7. The glass composition is expressed in mass %,
   50≦SiO ₂ ≦65,
   0≦B ₂ O ₃ <2,
   5≦Al ₂ O ₃ ≦14,
   10≦CaO≦30,
   0≦( _Li2O + _Na2O + _K2O )≦4,
   0.1≦ZrO ₂ ≦7,
   0≦T-Fe ₂ O ₃ ≦5,
   The glass fiber according to claim 2, which contains the following components and substantially does not contain _TiO2 .
8. The glass composition is expressed in mass %,
   50≦SiO ₂ ≦65,
   0≦B ₂ O ₃ <2,
   5≦Al ₂ O ₃ ≦14,
   10≦CaO≦30,
   0≦( _Li2O + _Na2O + _K2O )≦4,
   0.1≦ _TiO2 ≦10,
   0≦T-Fe ₂ O ₃ ≦5,
   The glass fiber according to claim ₂ , which contains the following components and substantially does not contain ZrO2.
9. Glass fiber according to any one of claims 1 to 8, wherein the glass composition is substantially free of B ₂ O ₃ .
10. The glass composition is expressed in mass %,
    50≦SiO ₂ ≦65,
    0.1≦B ₂ O ₃ <2,
    5≦Al ₂ O ₃ ≦14,
    0.1≦MgO≦10,
    15≦CaO≦30,
    0≦( _Li2O + _Na2O + _K2O )≦4,
    0≦ZrO ₂ ≦7,
    0≦T-Fe ₂ O ₃ ≦5,
    The glass fiber according to claim 2, containing the following components.
11. The glass fiber according to any one of claims 1 to 10, wherein the working temperature is 1290°C or less when the working temperature is the temperature when the viscosity of the glass composition is 1000 dPa·sec.
12. Any one of claims 1 to 11, wherein the temperature difference ΔT obtained by subtracting the devitrification temperature from the working temperature is 0° C. or more, when the working temperature is the temperature when the viscosity of the glass composition is 1000 dPa sec.
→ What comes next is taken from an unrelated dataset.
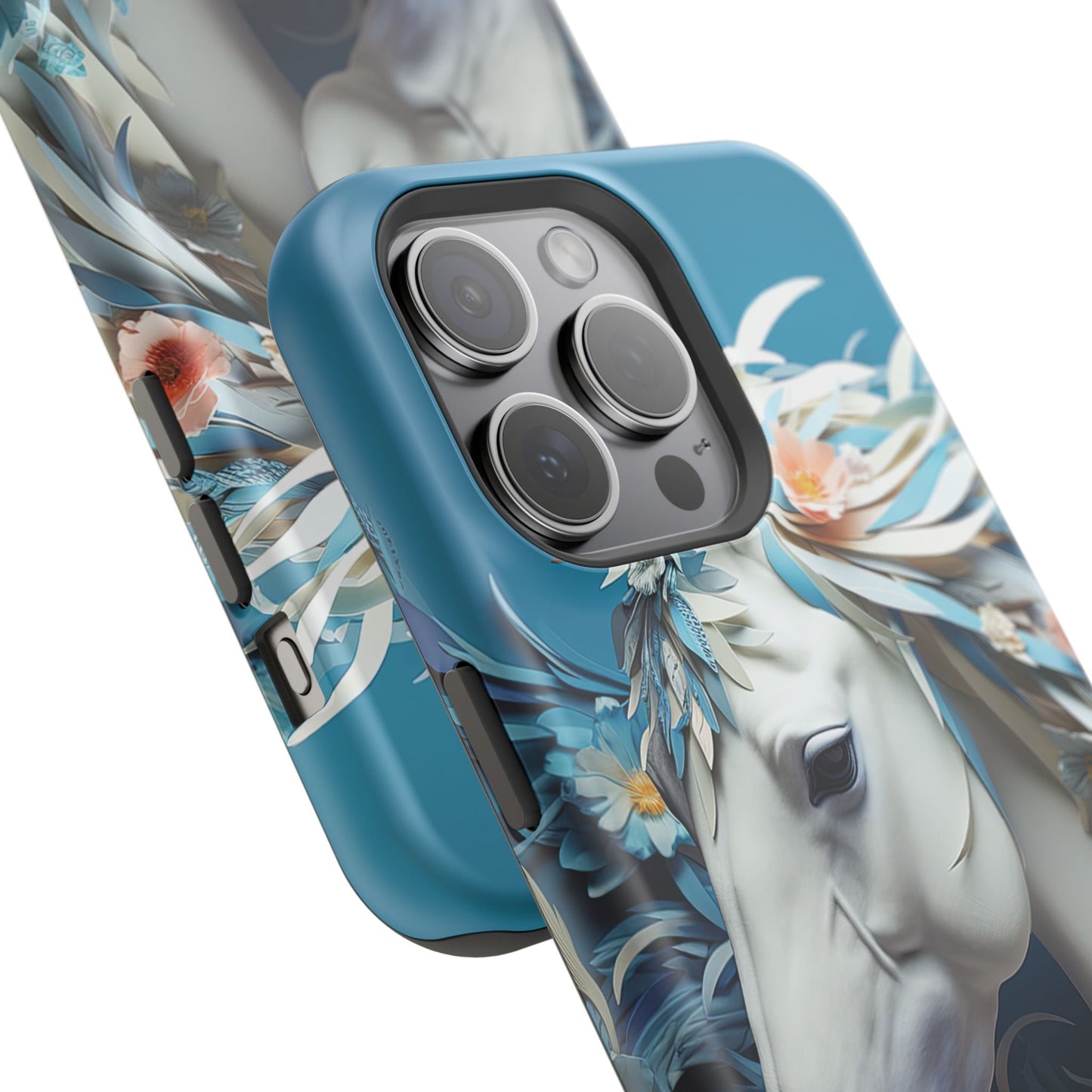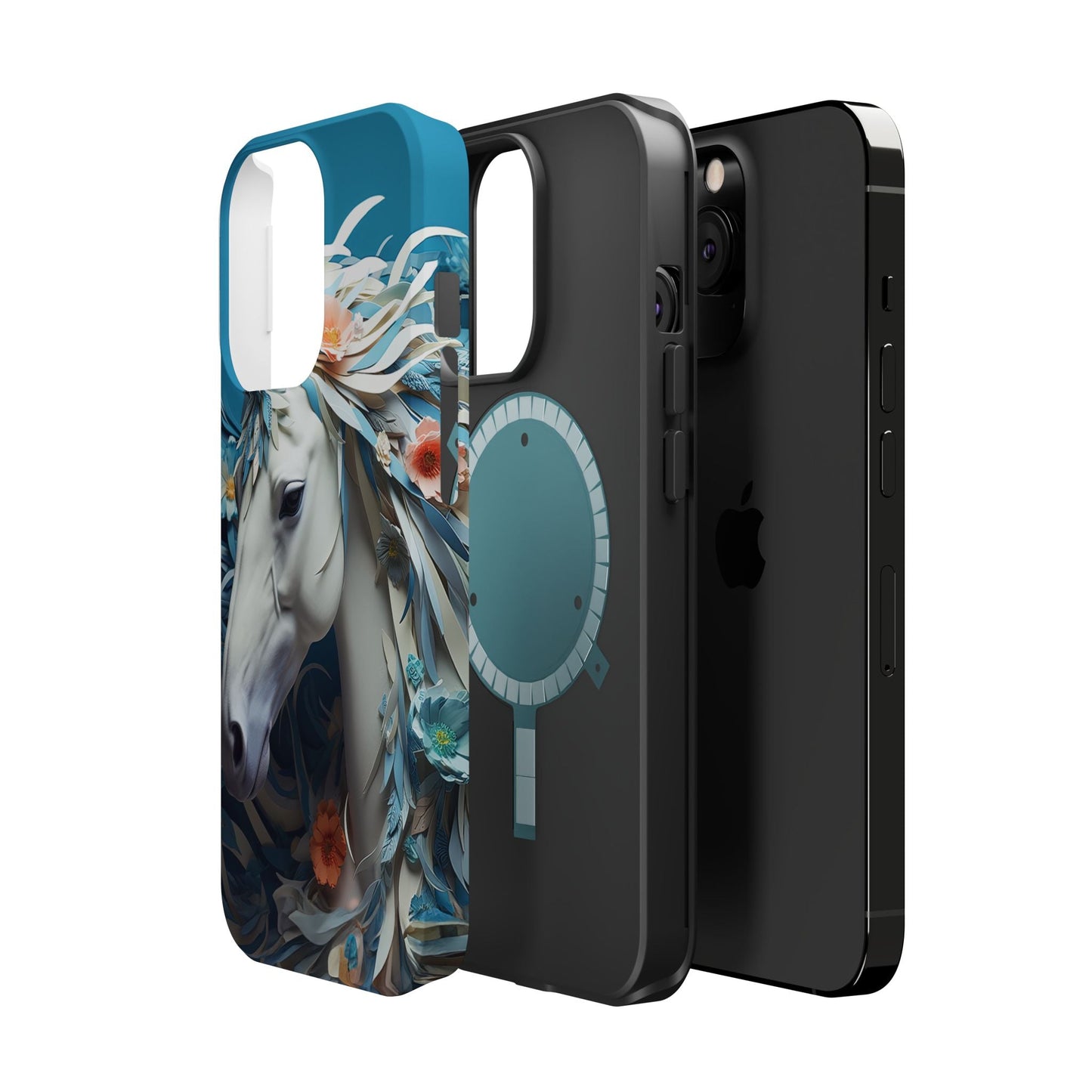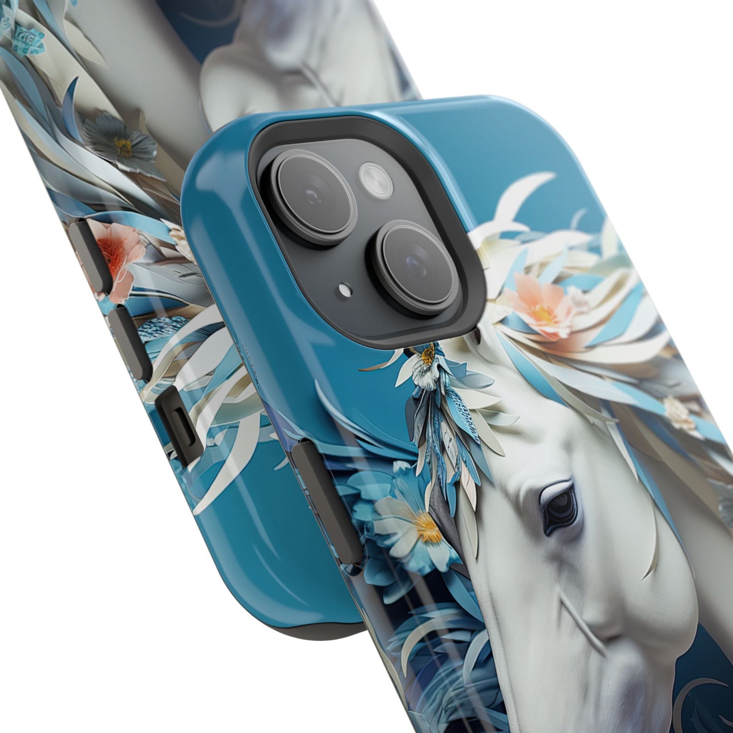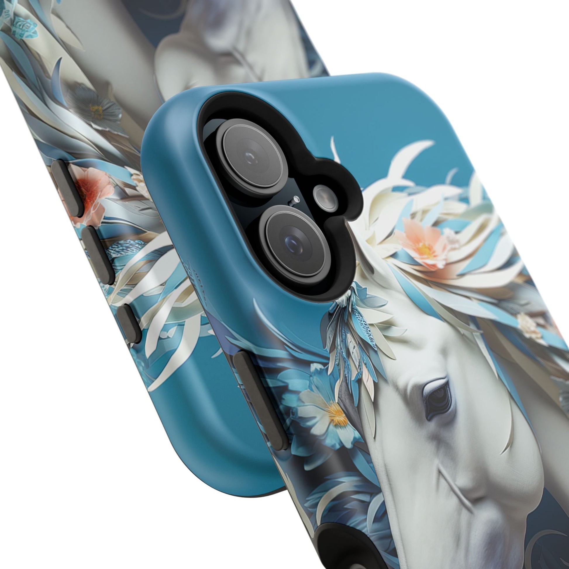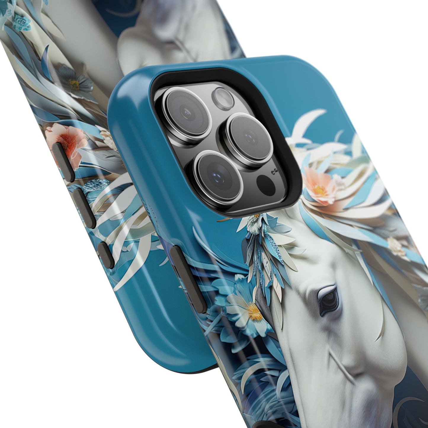 Embrace the beauty of nature with our Floral Horse MagSafe iPhone Case! This enchanting design features a graceful white horse adorned with a vibrant mane of paper flowers, set against a serene blue backdrop. It's a captivating scene that brings a touch of eleganc...

Glass fiber according to item 1.
13. The glass fiber according to any one of claims 1 to 12, wherein the glass composition has a Young's modulus of 85 to 100 GPa.
14. An inorganic cured product comprising the glass fiber according to any one of claims 1 to 13.